**PROBLEM TO WORK ON**
Print the listing below verbatim, passing over each picture.

**SUPPLIED MATERIAL**
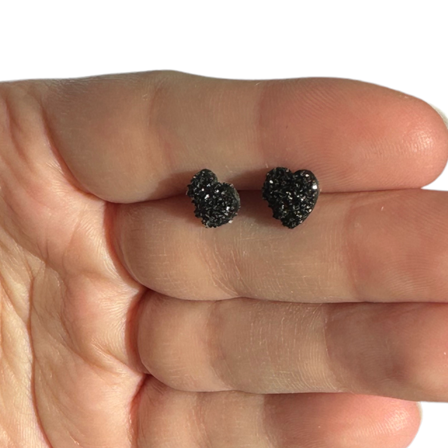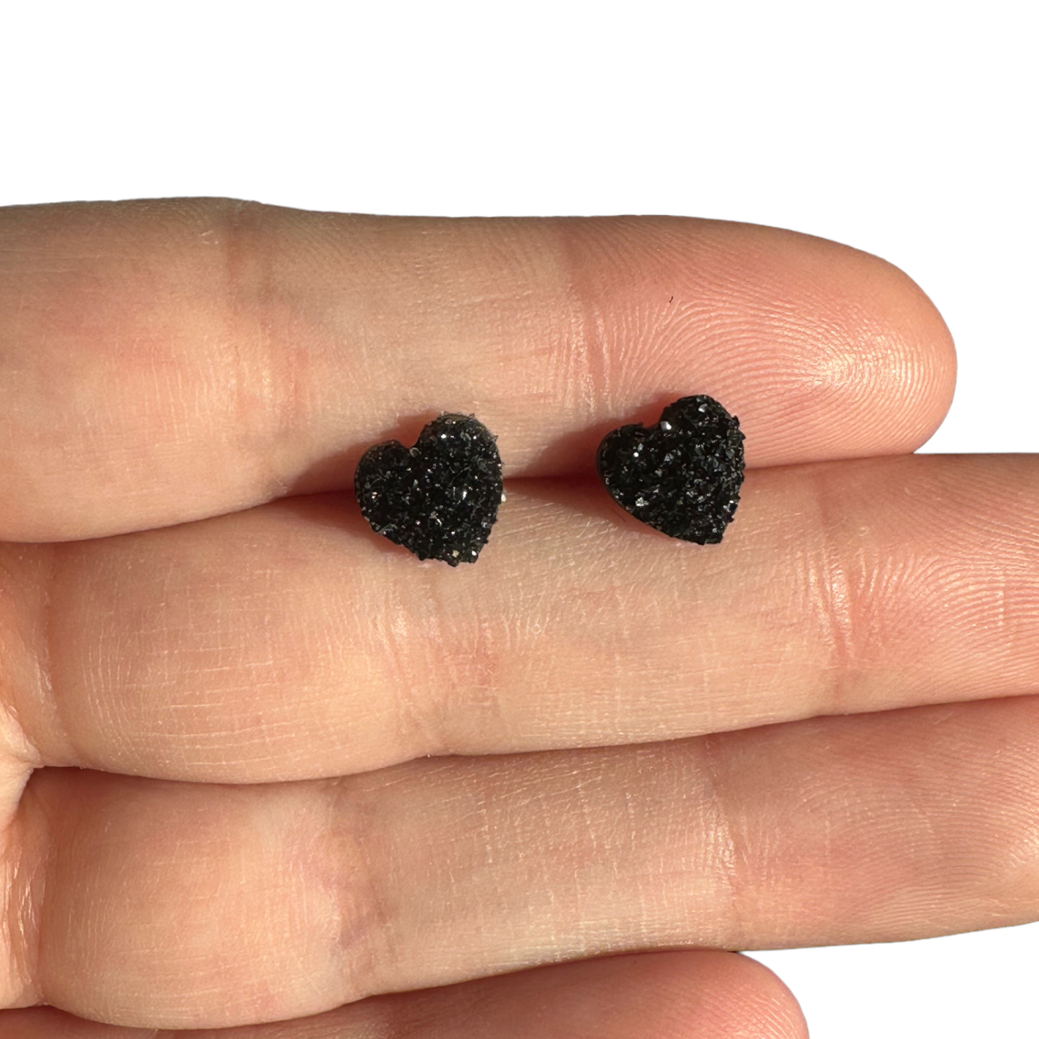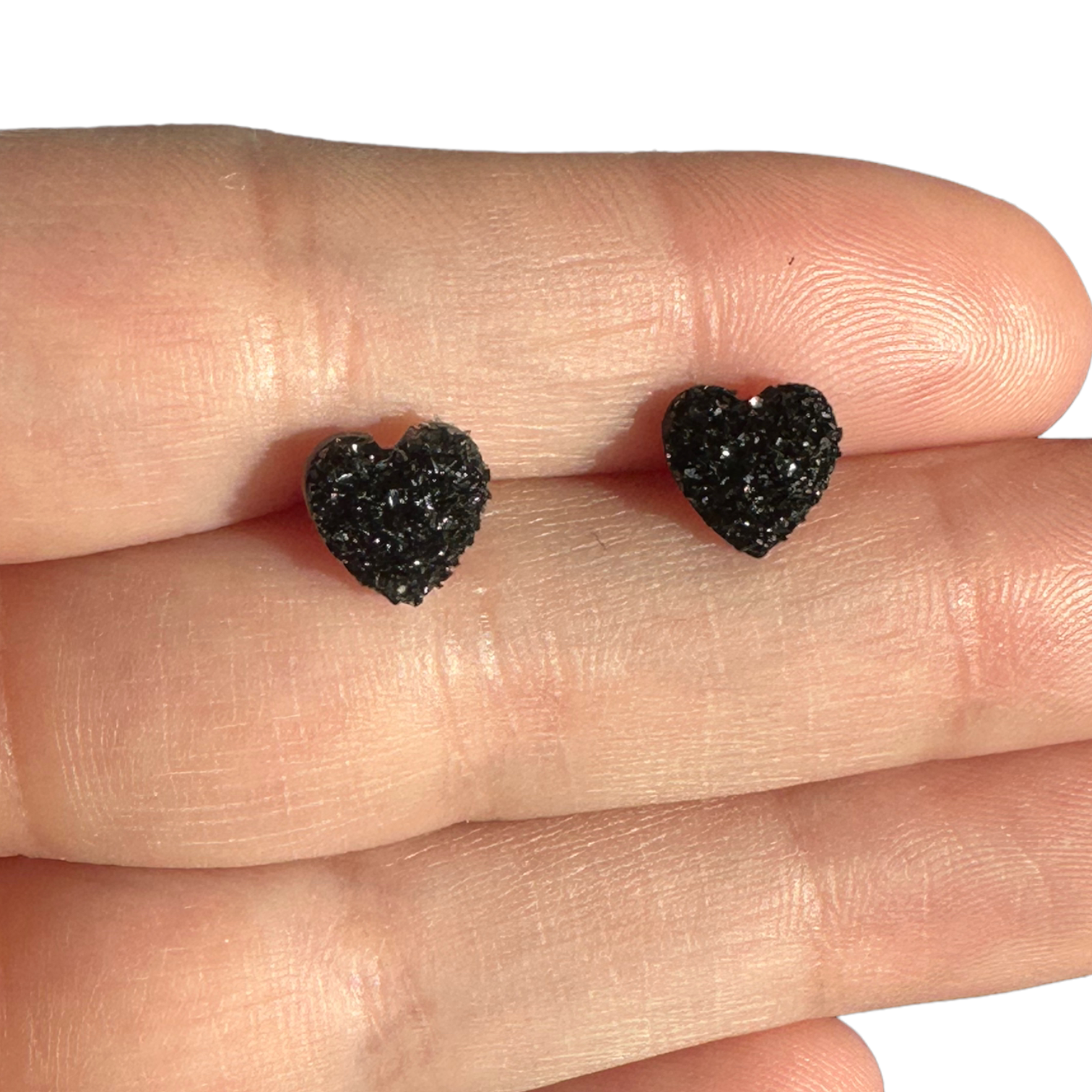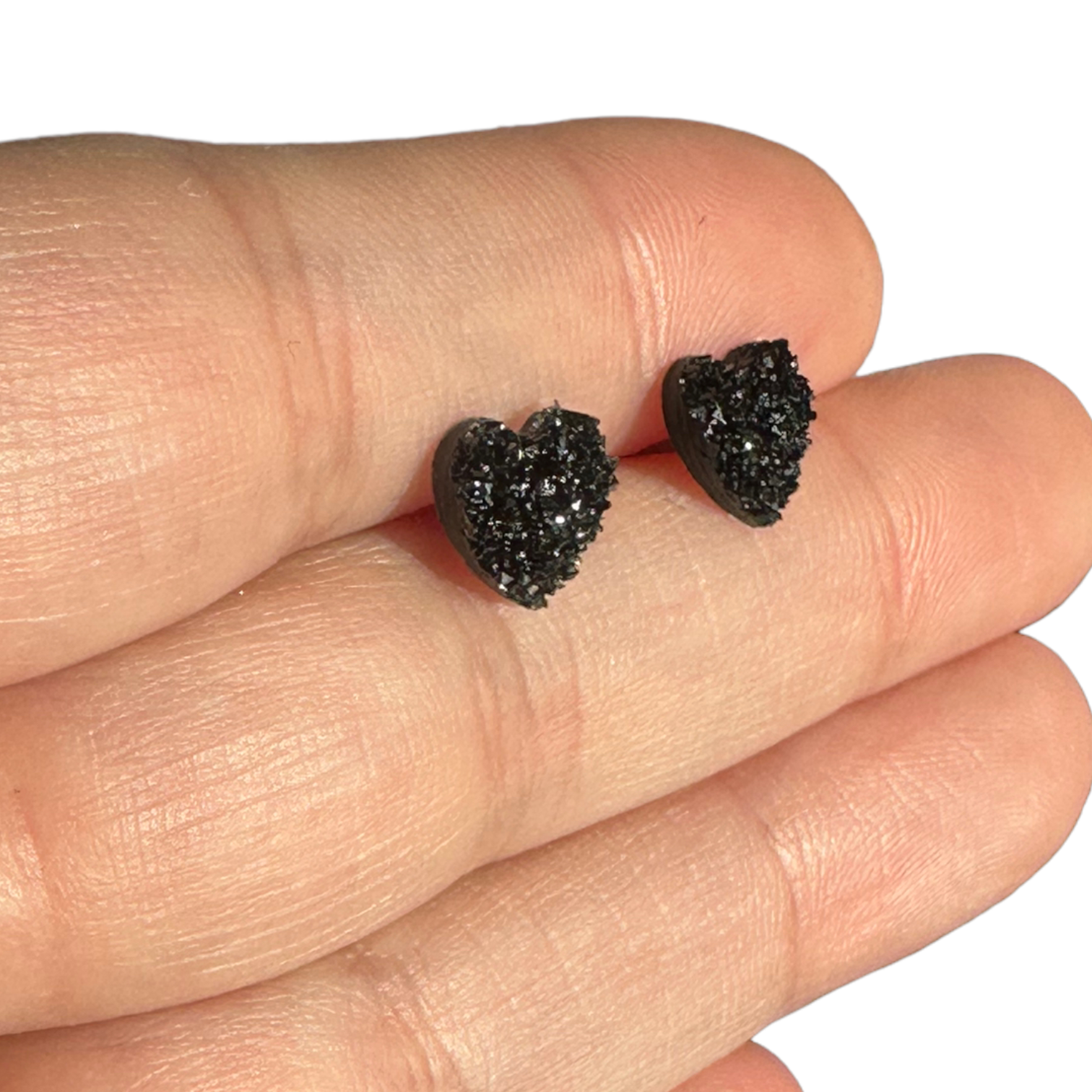 8MM Hypoallergenic Black Heart Druzy Earring Studs
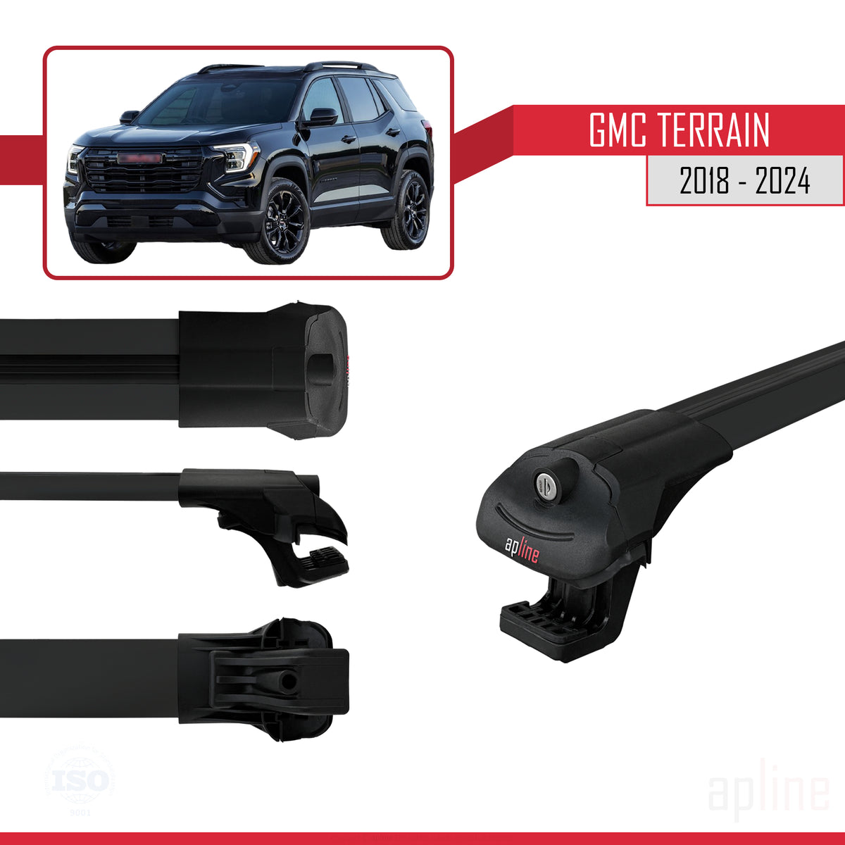GMC Terrain 2018-2024 ACE-1 Car Roof Rack Cross Bar Black Aluminium 2 Bars
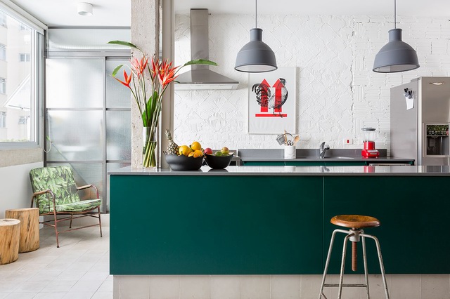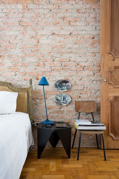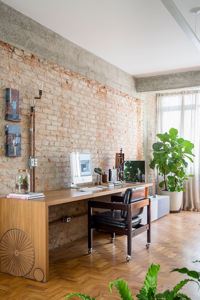屋顶的混凝土过梁以及卧室的裸露红砖墙增添了些许残缺美及历史痕迹,显得很随意。关于那面红墙的产生,其实还有些偶然因素:“本来,那里是面白墙,一天想要在床头用双面胶挂上一幅画,可竟然将墙皮粘了下来,露出了里面的红砖,发现原来红砖更加吸引人,何不干脆把强铲了”RSRG Architects的设计师Rogério Gurgel 回忆到,他对这一做法相当满意,据说他与该公寓的业主同居于此……(这~~)
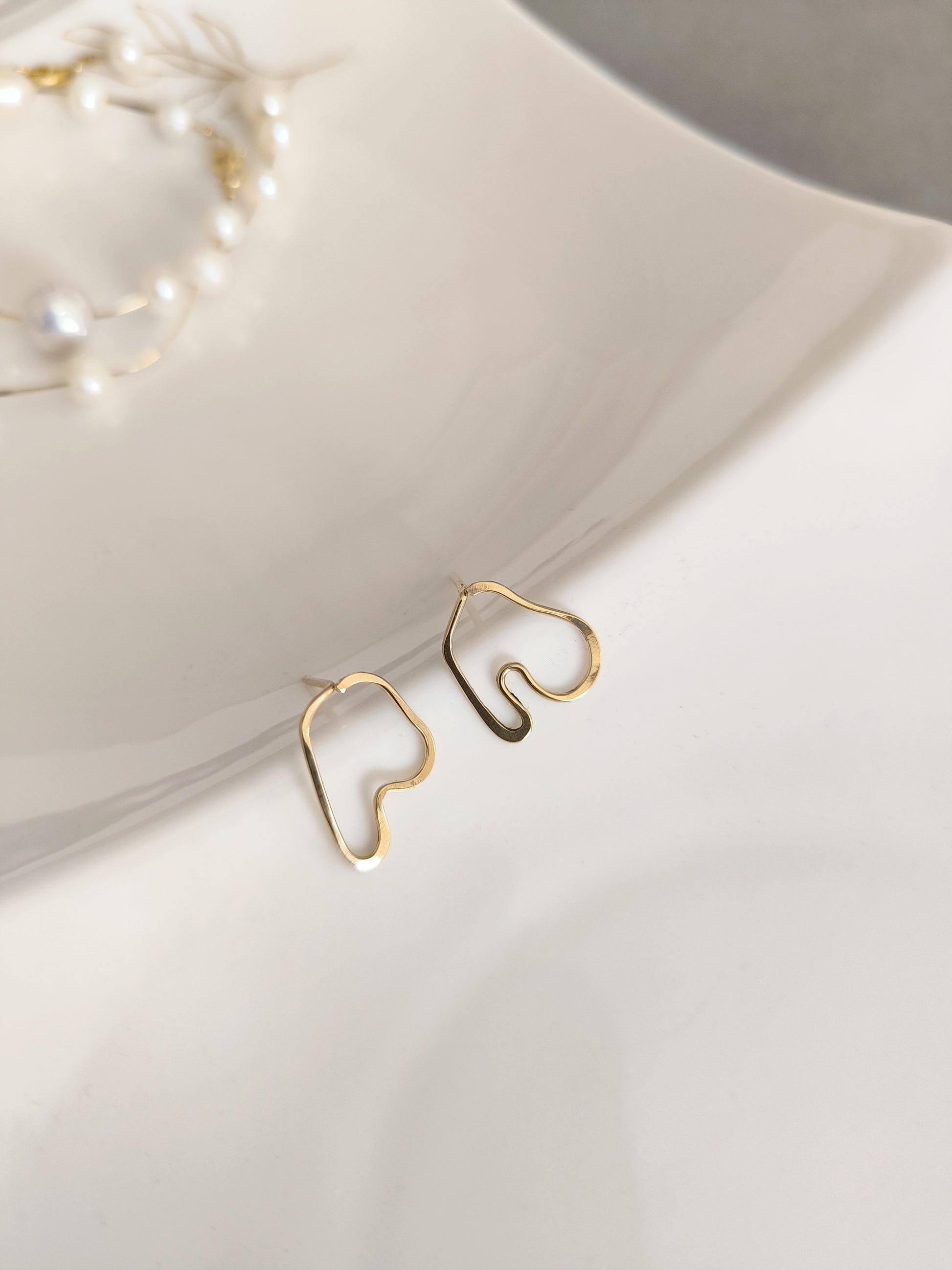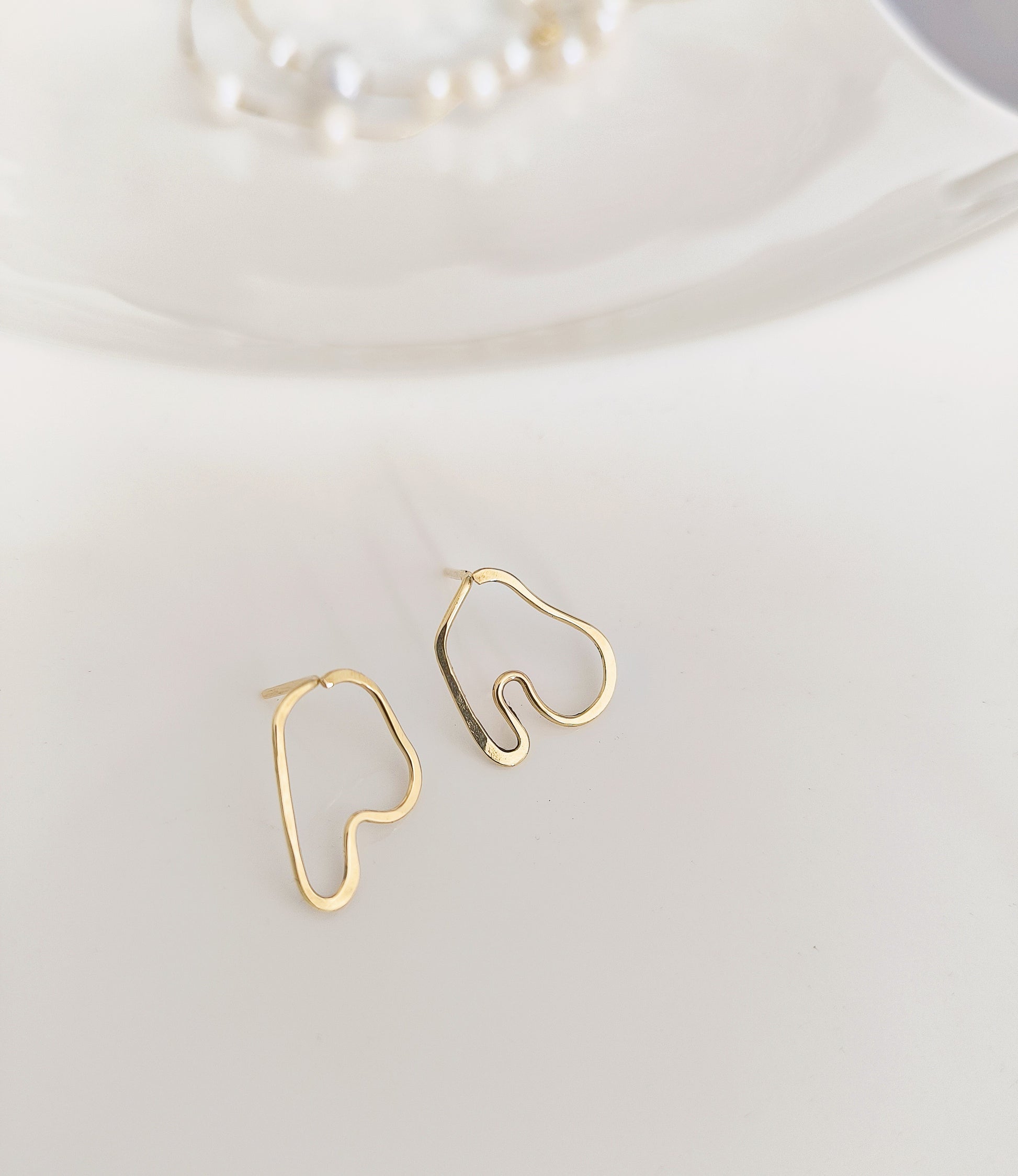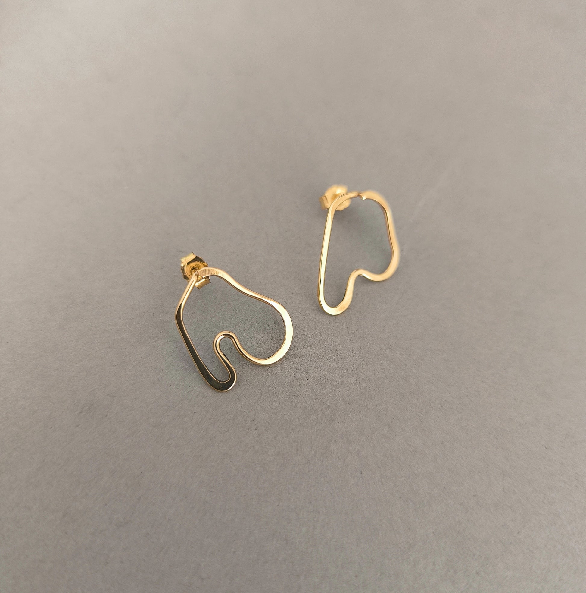 Petites puces minimalistes au design irrégulier et asymétrique, en or laminé 14k.

**OUTPUT FOR THIS TASK**
 8MM Hypoallergenic Black Heart Druzy Earring Studs
GMC Terrain 2018-2024 ACE-1 Car Roof Rack Cross Bar Black Aluminium 2 Bars
屋顶的混凝土过梁以及卧室的裸露红砖墙增添了些许残缺美及历史痕迹,显得很随意。关于那面红墙的产生,其实还有些偶然因素:“本来,那里是面白墙,一天想要在床头用双面胶挂上一幅画,可竟然将墙皮粘了下来,露出了里面的红砖,发现原来红砖更加吸引人,何不干脆把强铲了”RSRG Architects的设计师Rogério Gurgel 回忆到,他对这一做法相当满意,据说他与该公寓的业主同居于此……(这~~)
 Petites puces minimalistes au design irrégulier et asymétrique, en or laminé 14k.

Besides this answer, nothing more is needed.